The rupee (INR), which opened the day on a flattish note yesterday, closed the session marginally lower at 73.85 against the dollar (USD). Today, the local currency has begun the session at 73.82. The price action looks bearish and the rupee is trading below the support level of 73.7 and hence it could drop further for the day.
Also read: What made India the biggest buyer of US treasury securities in Apr-July
From the current level, the immediate support can be spotted at 74. Subsequent support levels are at 74.2 and 74.4. But if the INR appreciates from here and rallies past the hurdle at 73.7, it could advance towards the resistance band of 73.5 and 73.4.
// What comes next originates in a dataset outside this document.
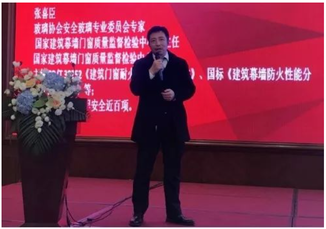 玻璃協(xié)會安全玻璃專業(yè)委員會專家,國家建筑幕墻門窗質量監(jiān)督檢驗中心副主任,國家建筑幕墻門窗質量監(jiān)督檢驗中心總工張喜臣發(fā)表演講--《建筑門窗耐火完整性試驗方法》

Foreign Portfolio Investors (FPI) sold a significant amount of domestic assets yesterday even though the market ended the day on a flat note. The net outflow on Tuesday stood at ₹1,456 crore (equity and debt combined). If the FPI sell-off continues, the domestic currency can come under further pressure.
Dollar index
The dollar index, which was in an uptrend last week, has been facing downward pressure in the past two trading sessions. Notably, it closed below the important support of 94 yesterday. But since it remains above the 21-day moving average, bulls have a chance to regain momentum. Importantly, 94 holds the key from the short-term trend perspective.
Trade strategy
For the past two days, 73.85 has been acting as a minor support for the rupee. So, even though the local currency can be bearish until it trades below 73.7, traders can short INR with a tight stop-loss if it falls below 73.85.